Juno Racing Cars
- Industry: Automotive
- Founded: 1999
- Founder: Ewan Baldry
- Headquarters: Portugal
- Products: Racing cars

= Juno Racing Cars =

British sportscar constructor

Juno Racing Cars is a British Group CN sportscar constructor. On 7 August 2014 it was announced that Juno Racing Cars was acquired by Ginetta Cars. In June 2016 Juno was bought by a private owner and the base of operations was moved to Portugal.

==History==

Juno Racing Cars was founded by former Williams F1 engineer Ewan Baldry in 1999. The factory's first car, the Juno SS1, made its track debut in 2001. The car was designed by Baldry and design engineer Ben Lang. Lang was also chief engineer for the TVR Tuscan Speed 6. The SS1 was designed for the 2 liter National Supersports class. The car featured a spaceframe chassis built from cold drawn stainless steel. The car was powered by a Vauxhall 20XE engine. Robert Oldershaw Jr. won the SP2 class in the National Supersports series in a Juno SS1.

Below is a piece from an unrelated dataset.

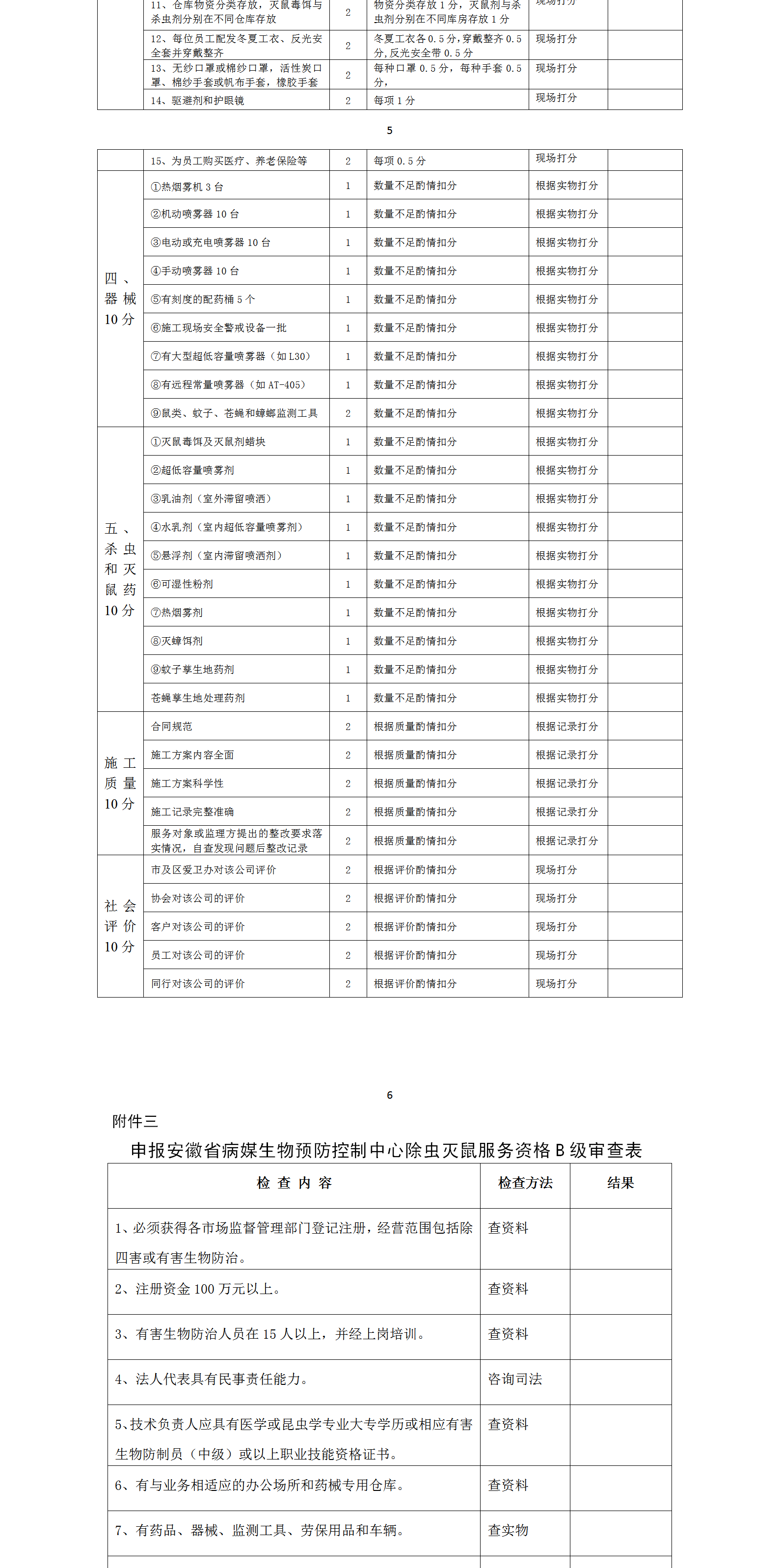 安徽省健卫病媒预防控制中心除虫灭鼠服务资格等级证评审标准和程序(2019年最新版本)
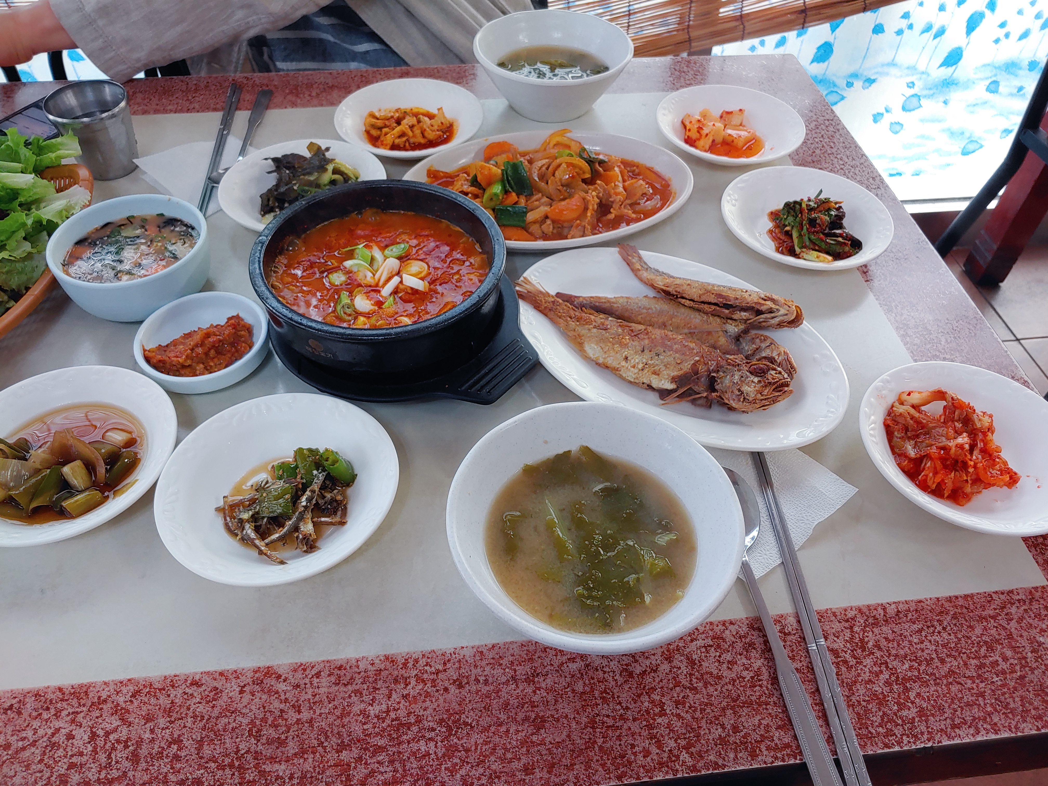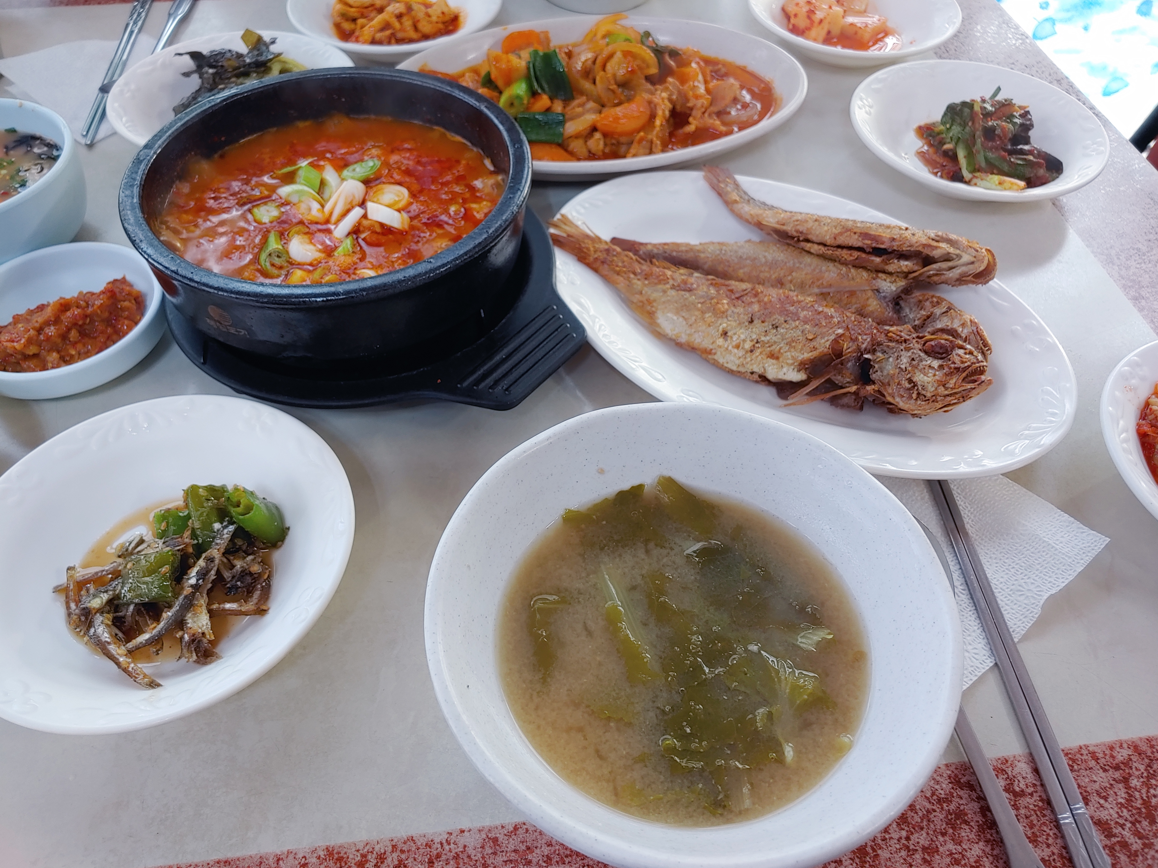 It serves three main dishes of jjigae(stew), bokkeum(stir-fried), and saengseon-gui(grilled fish) with assorted side-dishes at 8kKRW(appx. 7 USD) only.

The successor of the SS1 was the SS2. The SS2 had a similar design but the technical aspect was significantly upgraded. The chassis was wider and featured a new Hewland sequential gearbox. Robert Oldershaw Jr. won several races in the BARC National Supersports. Oldershaw Jr. finished second in the final classification. Oldershaw Jr. followed up this performance the following year.

A more powerful sportscar was launched by Juno in 2005, the SS3 V6. David Mountain and Andreas Halkiopolous competed the Jaguar powered SS3 V6 in the Britsports Endurance Championship. The SS3 won six races in the Britsports championship. The SSE, launched in 2008, continued to win races in various Group CN classes.

Juno Racing Cars designed their first Formula Ford single seater for the 2009 British Formula Ford season. The Juno JA09 was entered as a factory entry for Chrissy Palmer. Chrissy Palmer raced three races at Oulton Park for the team finishing fifth in the first race. Palmer would go on to win the Formula Ford Festival in 2009 in after switching to the Mygale chassis. A new Formula Ford chassis was designed for the 2010 British Formula Ford season. For 2010 Juno partnered with Century Motorsport to field a factory supported entry. Fielding various drivers, team principal Nathan Freke among them, the team failed to achieve significant results.

On 7 August 2014 it was revealed that Ginetta Cars acquired Juno Racing Cars. The collaboration was formed in order to field an LMP3 entry in 2015.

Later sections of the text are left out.